» **What this task involves**: Pictures found in the material must be left out, and every line returned as written.

» **Data below**:
========================================
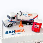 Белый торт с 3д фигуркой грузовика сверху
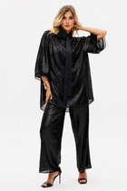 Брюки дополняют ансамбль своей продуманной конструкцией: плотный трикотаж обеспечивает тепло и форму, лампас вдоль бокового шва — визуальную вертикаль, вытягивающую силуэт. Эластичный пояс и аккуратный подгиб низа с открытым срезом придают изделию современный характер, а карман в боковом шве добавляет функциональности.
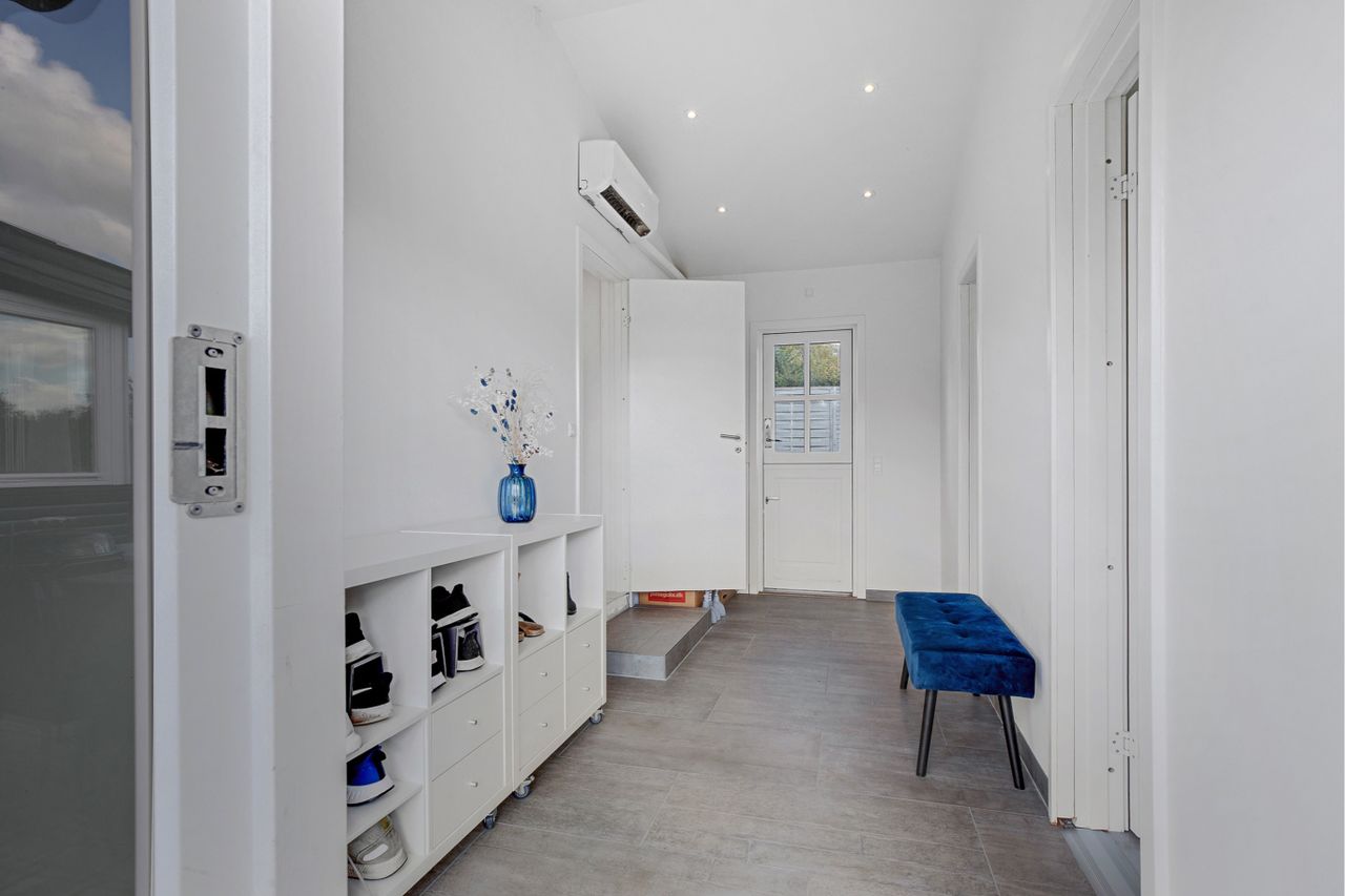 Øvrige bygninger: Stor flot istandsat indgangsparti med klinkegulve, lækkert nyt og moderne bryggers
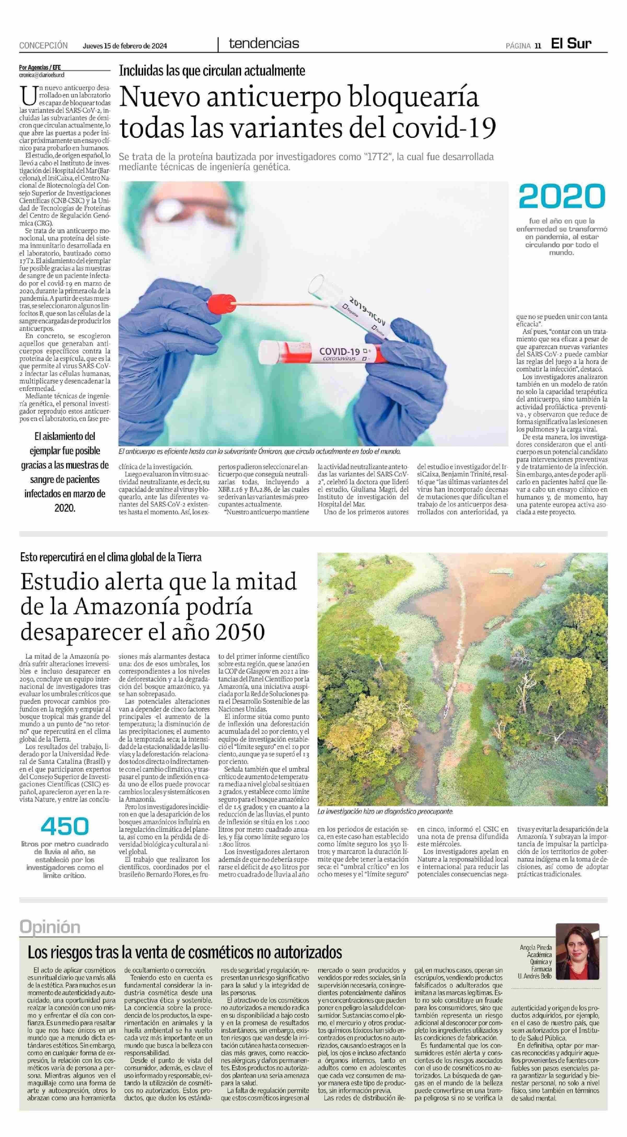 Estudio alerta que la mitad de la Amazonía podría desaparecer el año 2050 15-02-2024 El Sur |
========================================
» **Answer to the problem**:
 Белый торт с 3д фигуркой грузовика сверху
 Брюки дополняют ансамбль своей продуманной конструкцией: плотный трикотаж обеспечивает тепло и форму, лампас вдоль бокового шва — визуальную вертикаль, вытягивающую силуэт. Эластичный пояс и аккуратный подгиб низа с открытым срезом придают изделию современный характер, а карман в боковом шве добавляет функциональности.
 Øvrige bygninger: Stor flot istandsat indgangsparti med klinkegulve, lækkert nyt og moderne bryggers
 Estudio alerta que la mitad de la Amazonía podría desaparecer el año 2050 15-02-2024 El Sur |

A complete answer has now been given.